**Directions:**
Set down exactly the lines below, starting at the one that contains "グアテマラ ベスト 民族" and ending at the one that contains "台鋼雄鷹與狀元韋宏亮(右)已達成合約共識。(資料照)", with both of those lines included and nothing else.

**Given entries:**
------------------------------------------------------------
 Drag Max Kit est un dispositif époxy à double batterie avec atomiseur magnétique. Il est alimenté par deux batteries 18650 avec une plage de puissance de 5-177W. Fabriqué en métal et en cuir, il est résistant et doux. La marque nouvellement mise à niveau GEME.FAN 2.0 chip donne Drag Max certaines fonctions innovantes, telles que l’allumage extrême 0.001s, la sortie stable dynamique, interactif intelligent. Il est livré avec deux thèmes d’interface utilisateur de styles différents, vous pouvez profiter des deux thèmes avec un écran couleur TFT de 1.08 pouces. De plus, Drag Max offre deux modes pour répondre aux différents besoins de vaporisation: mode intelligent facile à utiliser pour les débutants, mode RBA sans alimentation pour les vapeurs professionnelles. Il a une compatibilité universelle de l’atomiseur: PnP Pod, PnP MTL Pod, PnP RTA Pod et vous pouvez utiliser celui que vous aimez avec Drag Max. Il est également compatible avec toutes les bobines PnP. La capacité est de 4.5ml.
------------------------------------------------------------
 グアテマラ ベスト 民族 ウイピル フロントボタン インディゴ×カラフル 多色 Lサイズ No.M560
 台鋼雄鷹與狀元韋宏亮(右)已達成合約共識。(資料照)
------------------------------------------------------------
**Task solution:**
 グアテマラ ベスト 民族 ウイピル フロントボタン インディゴ×カラフル 多色 Lサイズ No.M560
 台鋼雄鷹與狀元韋宏亮(右)已達成合約共識。(資料照)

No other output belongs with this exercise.